Aim of the task
Within the lines below, the span from the line with "- Refrigerate the" to the line with "化妝品品牌發源地集中度高,中美法和日韓五個國家的品牌檢索量占比超90.0%", both ends included, is to be reproduced exactly, with pictures omitted.

** Opening Given records block **

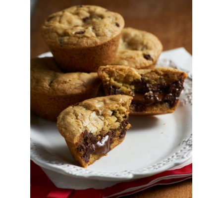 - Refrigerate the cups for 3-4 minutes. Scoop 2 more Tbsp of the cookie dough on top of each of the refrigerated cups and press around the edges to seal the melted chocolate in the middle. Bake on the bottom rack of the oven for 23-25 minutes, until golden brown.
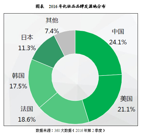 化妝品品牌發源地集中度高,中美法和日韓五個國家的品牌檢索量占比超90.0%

** Closing Given records block **
** Opening Given records block **

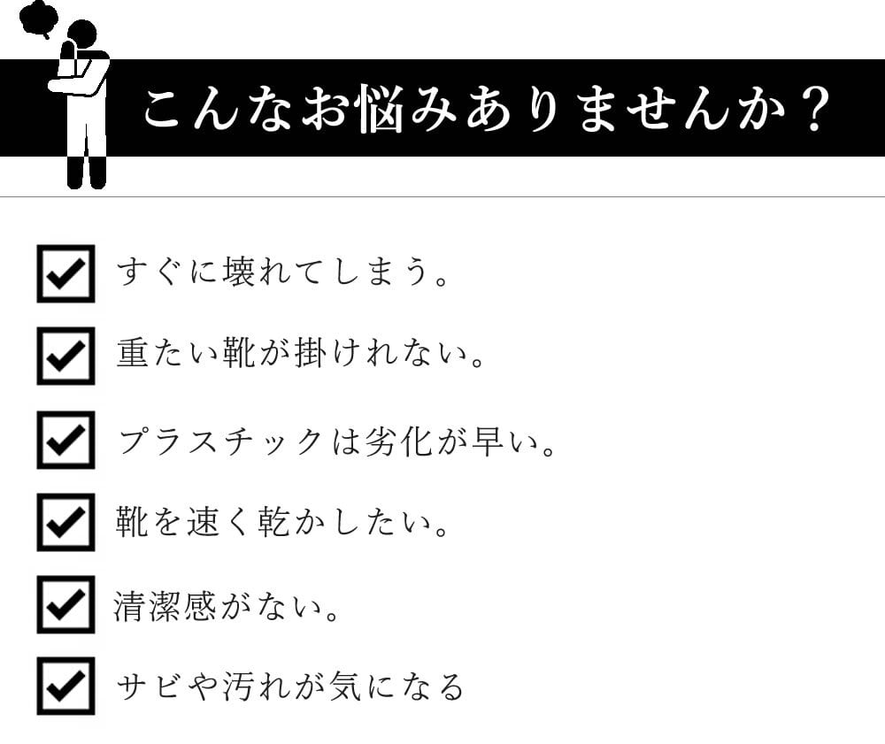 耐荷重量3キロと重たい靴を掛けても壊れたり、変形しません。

** Closing Given records block **
** Opening Given records block **

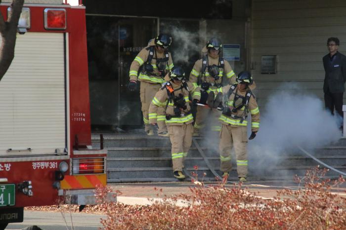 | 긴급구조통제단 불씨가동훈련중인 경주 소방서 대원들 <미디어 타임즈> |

** Closing Given records block **

Completed exercise
 - Refrigerate the cups for 3-4 minutes. Scoop 2 more Tbsp of the cookie dough on top of each of the refrigerated cups and press around the edges to seal the melted chocolate in the middle. Bake on the bottom rack of the oven for 23-25 minutes, until golden brown.
 化妝品品牌發源地集中度高,中美法和日韓五個國家的品牌檢索量占比超90.0%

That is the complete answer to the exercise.